Structure characterization and tribological study of magnetron sputtered nanocomposite nc-TiAlV(N,C)/a-C coatings

Abstract

Grown by reactive unbalanced magnetron sputtering in a mixed N₂ and CH₄ gaseous medium, heterogeneous nanocomposite coatings in the Ti–Al–V–N–C system show extraordinarily excellent tribological performance of coated machining tools. Using analytical high-resolution TEM, EELS, FEG-SEM, XRD, and Raman spectroscopy, this paper reports detailed structural and chemical characterization of the coatings grown at various CH₄ : N₂ ratios. Meanwhile, the mechanical and tribological properties were also measured, including hardness, Young's modulus, residual stress and the dry-sliding friction and wear at varying environmental humidity.

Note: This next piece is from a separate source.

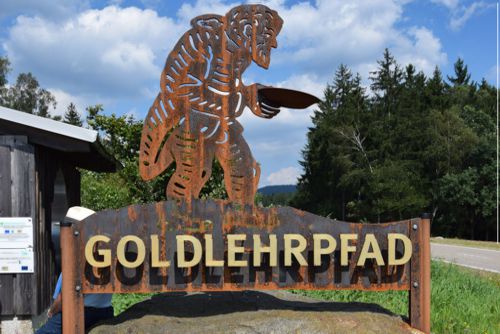 Der Gold-Lehrpfad führt entlang der heute noch reichlich vorhandenen historischen Spuren wie Halden, Seifenhügel und Pingen des mittelalterlichen Goldabbaus. Ausgangspunkt für Wanderungen durch die Goldabbaugebiete ist die Info-Stelle am Gütting, südöstlich von Unterlangau. Anhand von Schautafeln wird die Geschichte des Goldabbaus anschaulich dargestellt.Der Lehrpfad ist unterteilt in drei Abschnitte - wir können alle drei Wege bestreiten (als Rundweg, der dann ca. 14 km lang ist) oder nur zwei Etappen erwandern. In diesem Fall müssten wir mit dem Auto zu einem weiteren Ausgangspunkt fahren.

When CH₄ gas was introduced in the deposition, the structure of the coatings has been found to experience a change from nano-scale TiAlN/VN multilayer architecture to a complex mixture of columnar grains of nc-TiAlV(N,C)/a-C nanocomposites and inter-column network of sp²-type amorphous carbon. Carbon incorporation and segregation also shows remarkable influence on the columnar growth model by leading to finer grain size. As compared to the carbon-free nitride coating, the nanocomposite coatings showed substantially reduced residual stress owing to the free-carbon precipitation, whereas the coatings maintained comparable hardness to the carbon-free TiAlN/VN. Their tribological properties were found to be strongly dependent on the environment. In humid air at RH > 30%, the coatings showed low friction coefficient less than 0.4 and extremely low wear rate at a scale of ∼10⁻¹⁷ m³N⁻¹ m⁻¹.